ROFL 10€ für paar lausige Karten und satte 2 ich wiederhole *ZWEI  *Waffen.

Crytek, ihr seit unten durch 


Hoffentlich bietet computec den Abzockern von EA nicht länger eine so breite Werbeplattform.

@ derübermir:

Richtig, VALVE rockt, jahrelanger Support, alles kostenlos, keine DLC-Abzocke


----------



## Blackstacker (14. Juni 2011)

*AW: Crysis 2 Decimation Pack - JETZT erhältlich!*

das ist auch ne art ein Spiel kaputt zu machen vielen dank EA


----------



## ghostadmin (14. Juni 2011)

*AW: Crysis 2 Decimation Pack - JETZT erhältlich!*

Naja, was habt ihr erwartet, ist doch vollkommen normal sowas.
Seid lieber froh, dass ihr euch die Maps und die Waffen nicht einzeln dazu kaufen müsst.


----------



## Pimp-OINK (14. Juni 2011)

*AW: Crysis 2 Decimation Pack - JETZT erhältlich!*

Lol für den blödesten Multiplayer des Jahres noch Geld ausgeben? 

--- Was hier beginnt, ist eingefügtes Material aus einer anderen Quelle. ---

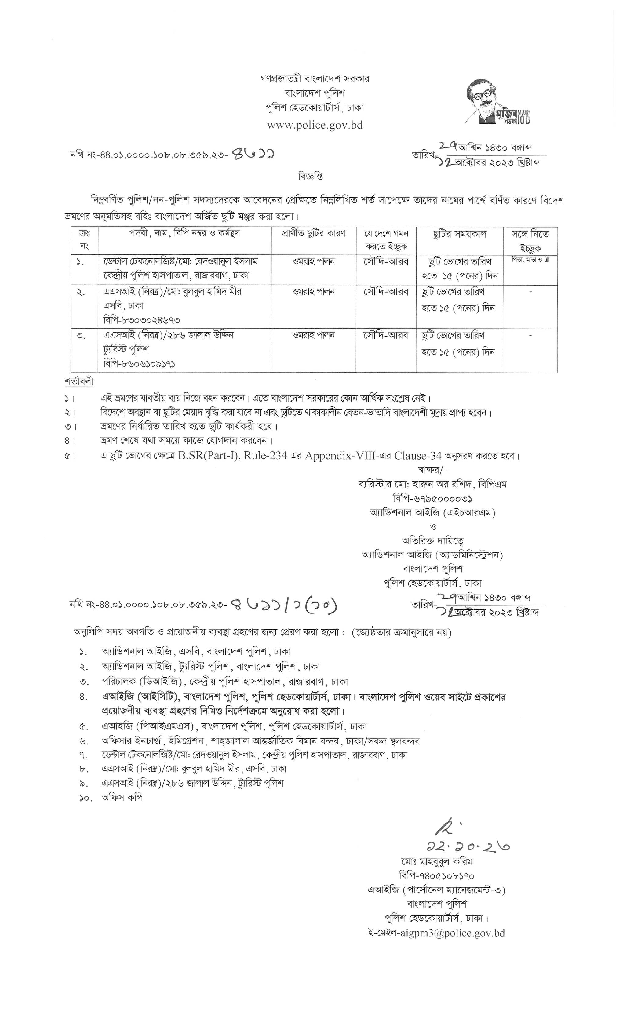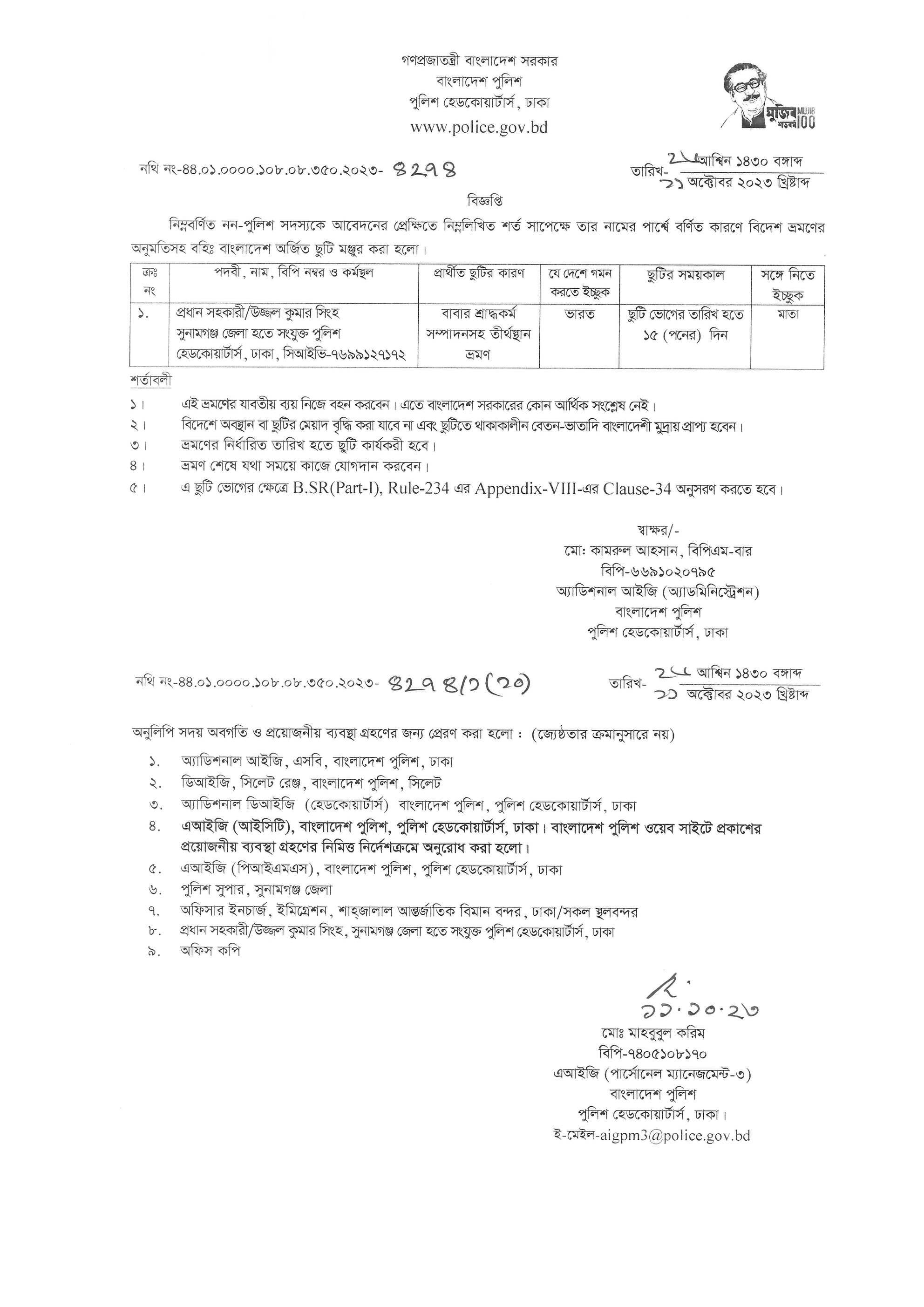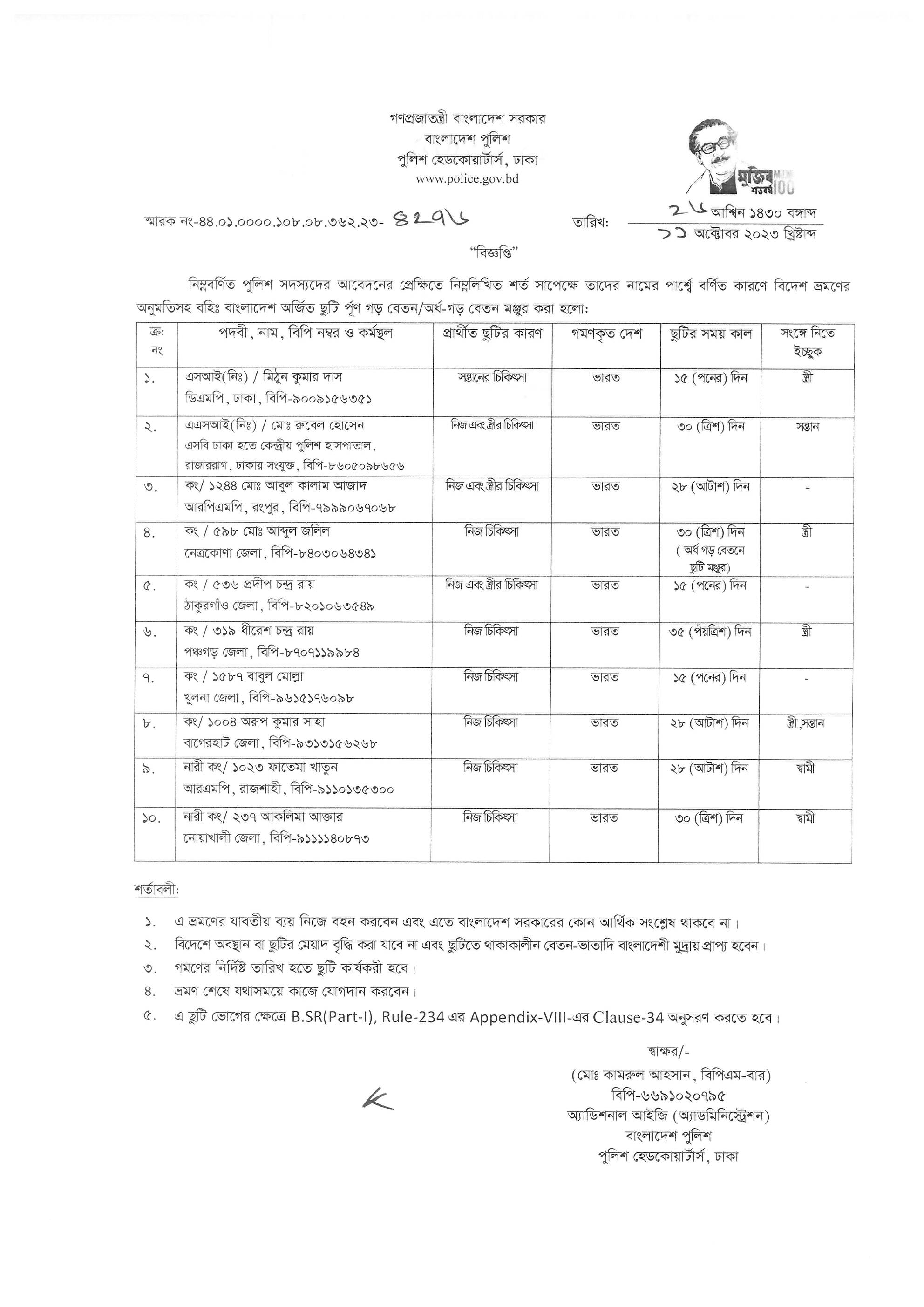 বহিঃ বাংলাদেশ ছুটি, প্রজ্ঞাপন নং-১২৯৬, তারিখঃ ১৫/১০/২০২৩ খ্রিঃ।

Da sieht man ja nie einen Spieler........achja....heißt da Cloak Modus!


Pfft....früher hieß es Feiglinge...oder war das jetzt n Schnaps?


Da würd i lieber Crysis 1 oder Wars spielen.......



I seh schon...die verdienen zuwenig Kohle an den DLC und machen den DX11 Patch mitmal doch nur zum Kauf damit Geld rein kommt!


----------



## NeRo1987 (14. Juni 2011)

*AW: Crysis 2 Decimation Pack - JETZT erhältlich!*

Ich sags mal so...: Crytek kann nun wirklich nicht mehr viel dafür denke ich, die entwickeln bestimmt im Auftrag von EA.
Auch meine ich, dass es Crytek selbst mittlerweile sehr peinlich ist, der DLC wurde weder angekündigt noch sonst etwas!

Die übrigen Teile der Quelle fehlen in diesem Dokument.